Adam Frederick Zemke (born June 4, 1983) is a former member of the Michigan House of Representatives. He represented Michigan's 55th district, encompassing the cities of Ann Arbor (portion) and Milan (portion) and the townships of Ann Arbor, Augusta, Pittsfield, and York in Washtenaw County, since January 1, 2013, having been re-elected in November 2014 and November 2016.

Early life, education and family 
Zemke was born and raised in Ann Arbor, Michigan. His parents, Debra Lehto and Frederick Zemke, divorced when he was a toddler. He spent much of his childhood in Michigan, attending Haisley Elementary, Forsythe Middle and Pioneer High schools in the Ann Arbor Public Schools district.
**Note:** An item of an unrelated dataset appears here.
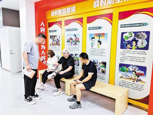 2025年6月23日,在石家庄解放广场人防工程(华北眼镜城)避暑纳凉点,石家庄市国防动员平战结合服务中心工作人员向纳凉群众发放人防知识宣传手册,普及防空防灾知识。

He also attended Princeton High school while his then-stepfather, Dr. Trevor Wooley, worked at the Institute for Advanced Study in Princeton, NJ. Adam has one brother, Cameron Wooley, and a sister, Michelle Zemke—both younger.

Following high school, Zemke enrolled and attended Michigan State University. He studied Mechanical Engineering and obtained undergraduate and master's degrees in this field. In spring 2005, Zemke served as the commencement speaker for his graduating class of the College of Engineering.

Zemke's family has deep roots in Washtenaw County. His father's family first emigrated to Ann Arbor and settled on Spring street in the early 1890s. They are of German ancestry. While in Ann Arbor, Zemke's great grandfather owned and operated The Orient, a well-known "townie" pool hall and barber shop on the corner of North Main and Ann streets. 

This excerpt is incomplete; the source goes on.